Greece debt crisis: Get in depth coverage of the Syriza-led goverment’s debt-relief demands , from FT.com (subscription required).
One rule for ‘us’ and another, entirely different rule for ‘them’. In this case, it’s not just another rule, it’s an entirely different game. I am, of course, referring to the complete fiasco that is the Greek debt crisis.
Now clearly, the rules for personal and national debt management (and recovery) are going to be very different, but it would seem reasonable to expect countries to follow similar principals that we, as citizens and business people are often reminded of: live within your means, pay your bills, honour your debts.
What the Greek issue is clearly demonstrating is that these principles do not hold when there is a political dimension to the financial scenario, and even more so when the crisis threatens, not just a political issue but an issue of ideology.
Some say that the European Union (EU) has changed from its original aims of creating a ‘common market’ for nations of Europe to trade peacefully with a shared aim of close cooperation and a means to prevent the kind of global conflict that twice started in Europe before spilling over to engulf the World. Others contend that the EU has always had an ambition of creating ever-closer political ties leading inevitably to a United States of Europe.

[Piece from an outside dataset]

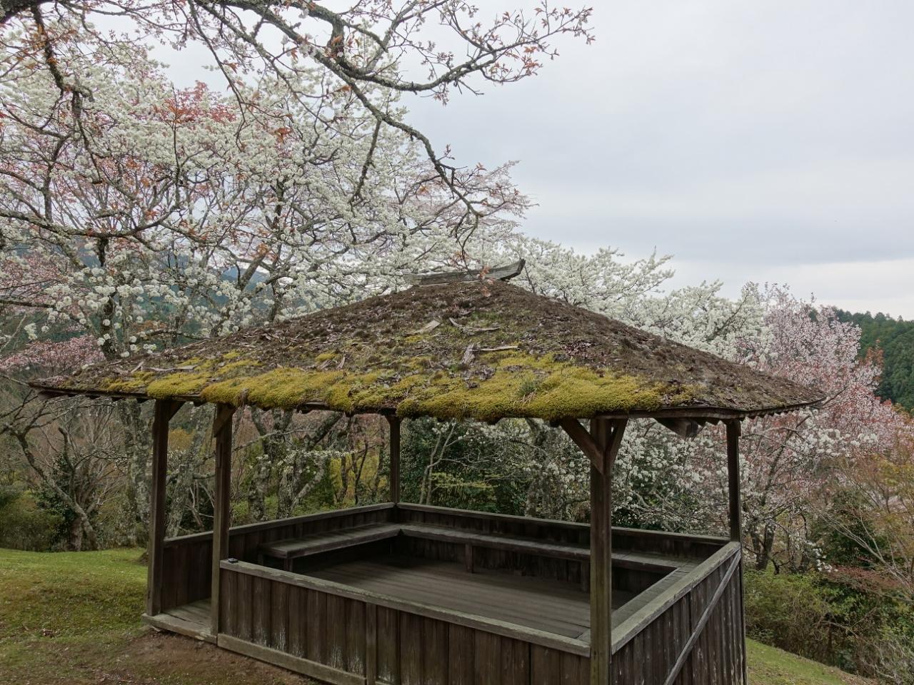 築山に登ってみました。苔むした東屋と桜の対比も美しい。
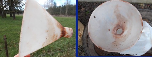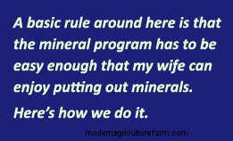 The remainder of this article is about overcoming the technical problems associated with providing minerals in a managed grazing program. Basically, the minerals need to be moved frequently, and this means they have to be light, mobile, easy to move, and also overcome the weather problems in a our environment. Also, we would like our animals to have constant access to free choice minerals, and a basic rule around here is that the mineral program has to be easy enough that my wife can enjoy putting out minerals. Here’s how we do it.

What is clear is that the Eurozone model, with countries tied to a single currency but without a political union, would seem to be undone when political and economic factors are so completely misaligned. Economists and political analysts point to the disparities between the relatively economically stable countries of northern Europe and some of the countries of southern Europe that have fundamental economic problems. This is encapsulated in Greece that has little in the form of manufacturing industry and not much to sell on the international markets except a rich history and a lively tourist industry.

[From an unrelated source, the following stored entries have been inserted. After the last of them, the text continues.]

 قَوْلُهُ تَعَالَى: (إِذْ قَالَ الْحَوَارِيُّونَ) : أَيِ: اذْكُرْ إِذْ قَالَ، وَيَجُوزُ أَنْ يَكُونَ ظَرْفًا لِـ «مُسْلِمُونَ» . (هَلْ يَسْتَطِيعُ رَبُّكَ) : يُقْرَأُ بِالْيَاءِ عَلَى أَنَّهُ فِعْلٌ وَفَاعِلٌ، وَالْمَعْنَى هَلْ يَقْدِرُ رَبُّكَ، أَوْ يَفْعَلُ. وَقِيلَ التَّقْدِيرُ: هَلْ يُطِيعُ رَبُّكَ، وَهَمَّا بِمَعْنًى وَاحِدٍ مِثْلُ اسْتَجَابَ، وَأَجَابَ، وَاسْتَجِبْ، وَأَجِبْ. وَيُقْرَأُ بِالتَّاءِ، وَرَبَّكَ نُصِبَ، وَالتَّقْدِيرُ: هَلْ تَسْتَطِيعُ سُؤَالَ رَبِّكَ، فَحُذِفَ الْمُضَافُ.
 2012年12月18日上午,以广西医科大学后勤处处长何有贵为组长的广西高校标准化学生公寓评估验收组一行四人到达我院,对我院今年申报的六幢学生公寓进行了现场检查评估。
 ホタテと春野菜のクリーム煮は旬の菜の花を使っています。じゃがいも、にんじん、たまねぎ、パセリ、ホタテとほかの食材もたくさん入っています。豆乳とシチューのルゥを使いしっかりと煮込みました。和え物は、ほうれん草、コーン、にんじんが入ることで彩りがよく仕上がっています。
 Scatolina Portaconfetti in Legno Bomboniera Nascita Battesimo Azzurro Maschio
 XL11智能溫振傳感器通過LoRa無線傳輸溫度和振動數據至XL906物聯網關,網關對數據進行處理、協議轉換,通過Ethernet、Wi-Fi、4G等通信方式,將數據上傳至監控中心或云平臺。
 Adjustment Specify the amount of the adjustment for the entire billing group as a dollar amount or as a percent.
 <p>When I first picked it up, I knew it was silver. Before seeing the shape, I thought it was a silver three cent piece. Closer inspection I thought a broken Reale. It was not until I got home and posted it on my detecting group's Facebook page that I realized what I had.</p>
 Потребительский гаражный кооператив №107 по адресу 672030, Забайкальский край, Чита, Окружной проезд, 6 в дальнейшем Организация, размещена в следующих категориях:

How then were they allowed to anchor themselves to the Euro (which supposedly demands a strict monetary policy and economic discipline) when they have little resilience in the event of economic hardship? They simply do not have the means to drag themselves out of the hole and unfortunately, their profligacy in easier times has led directly to the problems they are now facing.
The facts seem absurd and do not give any confidence that the Greek Government has any real chance of reversing the decline of this wonderful country and the birthplace of democracy. For example Greece, with a population of 11 million, spends 30% more on pensions than Britain, which has a population of 60 million.

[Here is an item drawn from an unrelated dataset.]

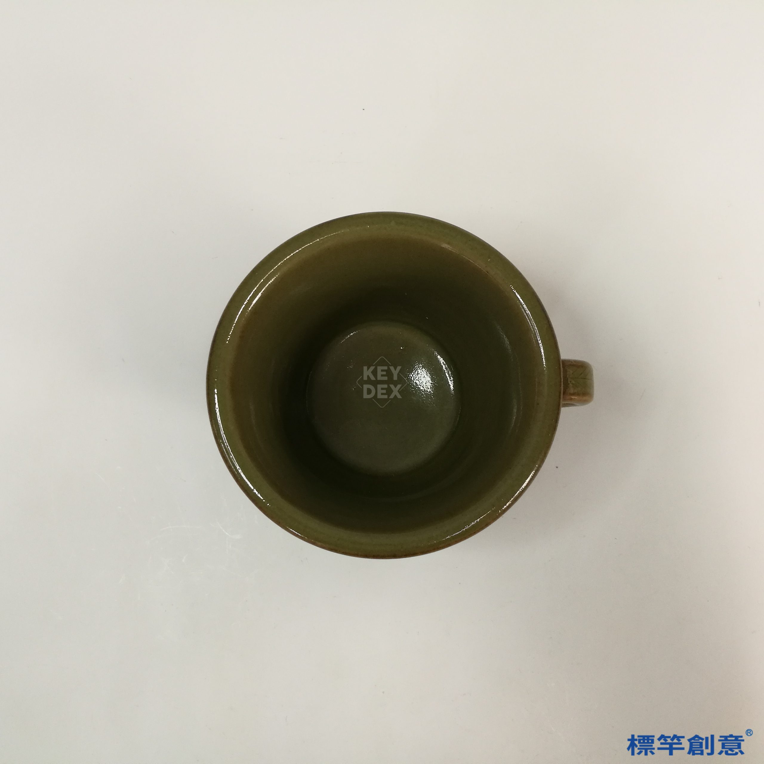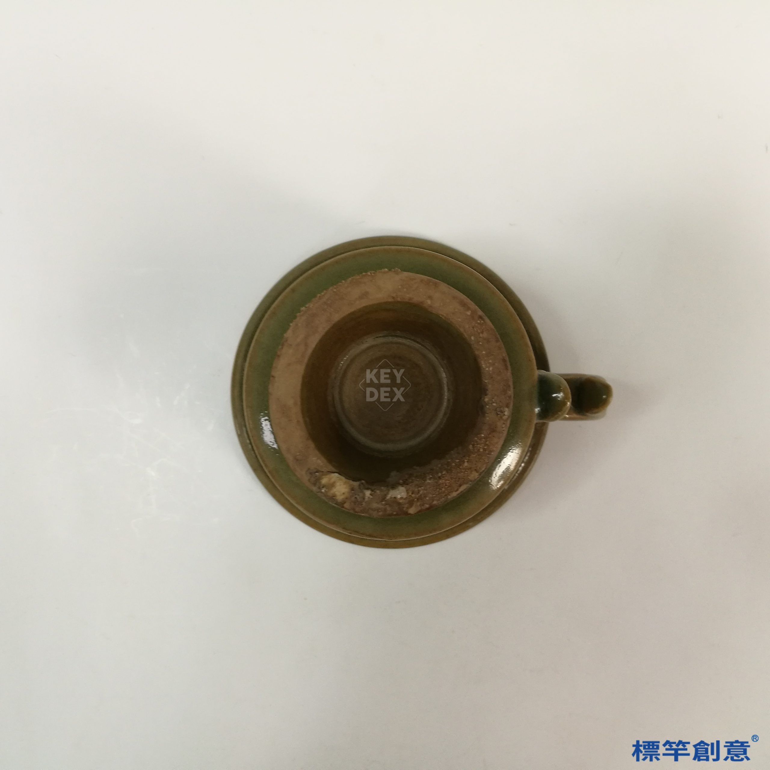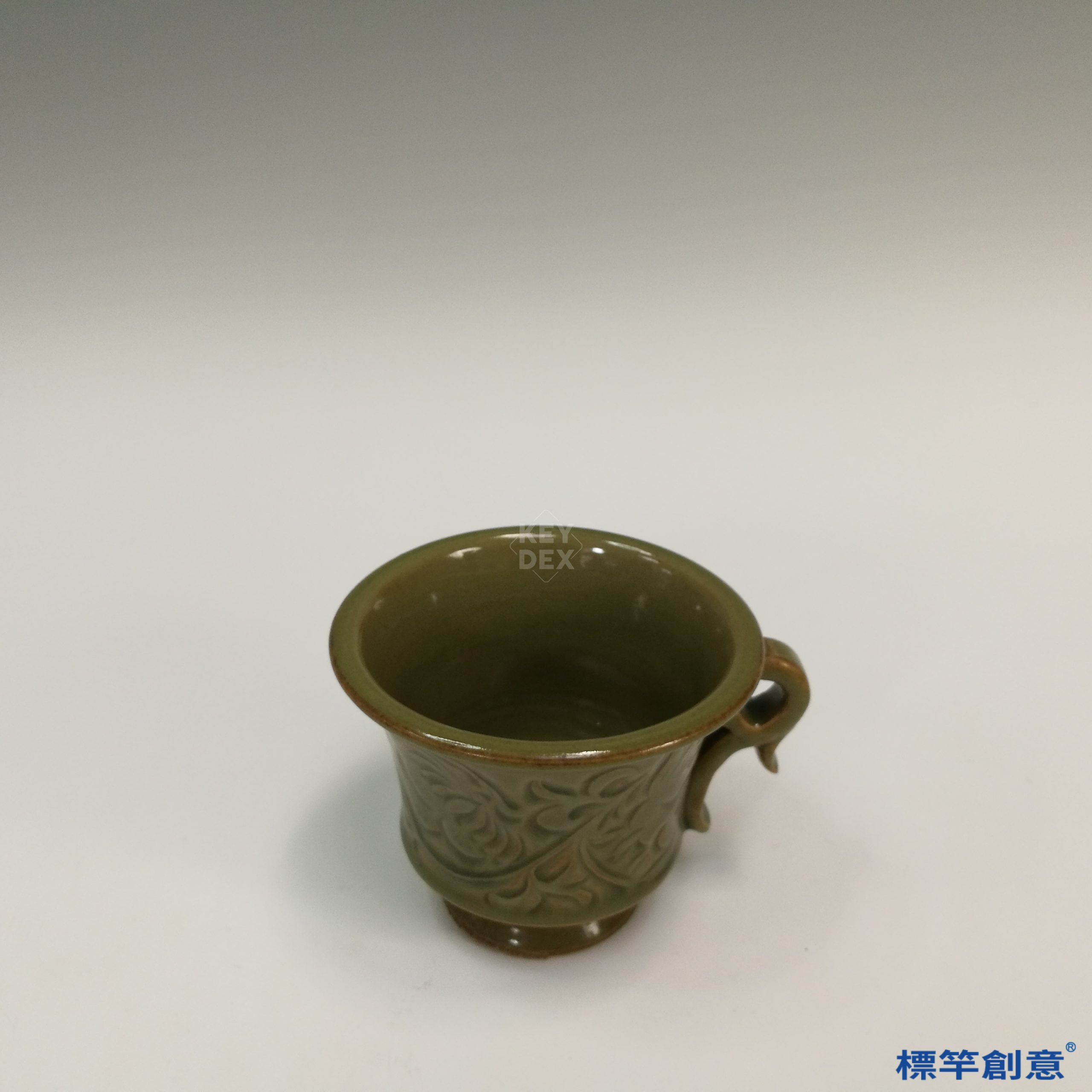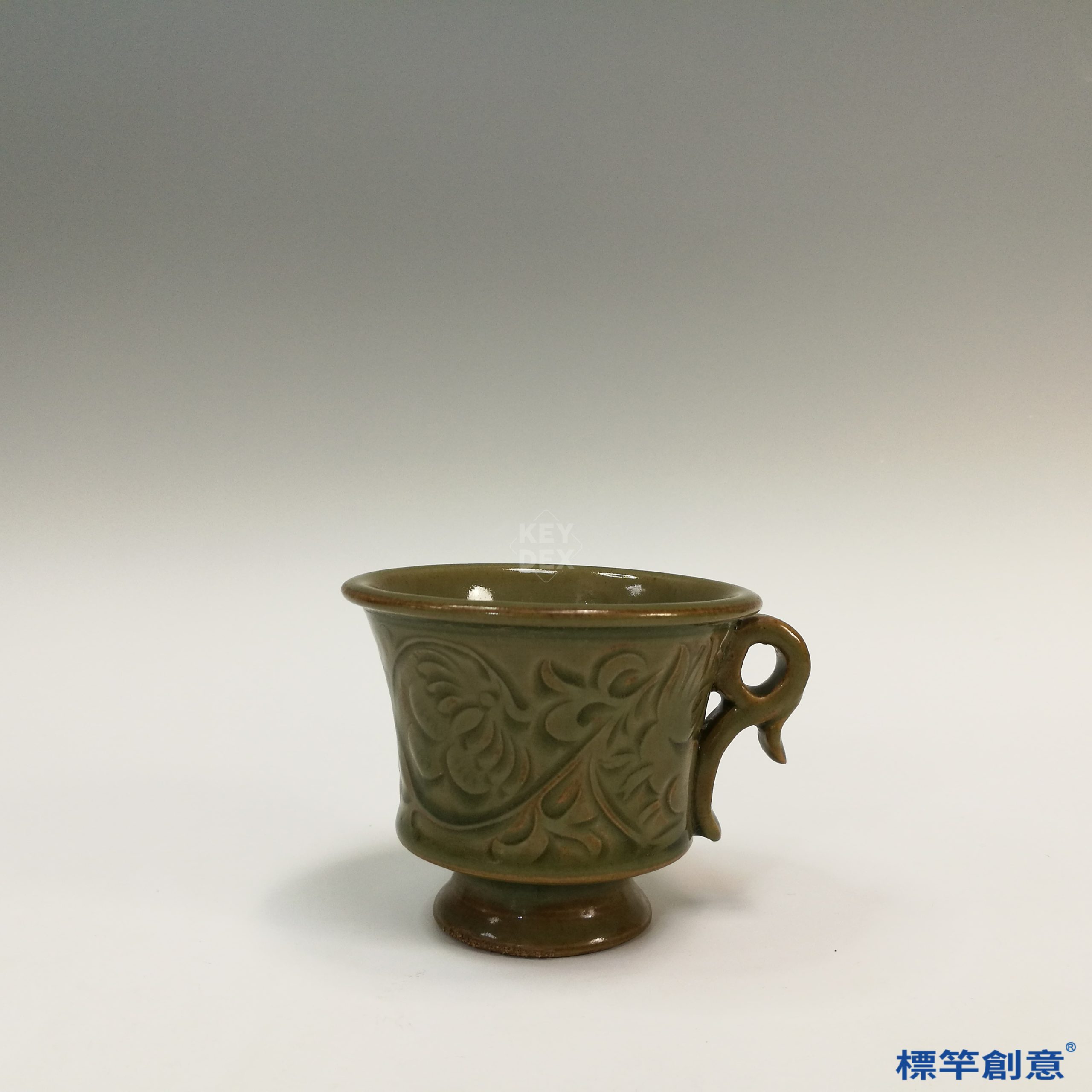 本器通高8.5公分,口徑11.5公分。杯體呈敞口斜壁、圈足微撇,下承高圈足,右側設一枚仿金屬器形態的扁弧形單把,末端作鳳首造形,極具裝飾性。

When the Greek debt crisis started, the Greek government pledged to raise around €50bn from the privatisation of state assets. Not long after, the target was progressively reduced to €30bn and then €20bn. So far, the government has raised less than €3bn. Let’s not forget this is 5 years on from the start of their recovery plan.
This before you even look at the chaos and corruption in their tax system which seems almost too broke to fix. Just their VAT system opens up a huge opportunity for fraud and tax dodging. They have 6 different VAT rates and the Greek Islands enjoy a reduced rate of VAT to encourage people to live there and to help their vital tourist industry. How then can a recent surge of tourism to Mykonos result in lower payments of VAT to the Government?
Perhaps it’s time for Greece to be allowed to fail; to default on its loans and obligations. Maybe, an exit from the Euro and the rebirth of the drachma, traumatic though that would be would allow Greece to restructure on its own terms, to put its own house in order even though this freedom would almost certainly lead to incredible hardship for the poor, suffering population of this beautiful, proud country. Just don’t tell Vladimir Putin.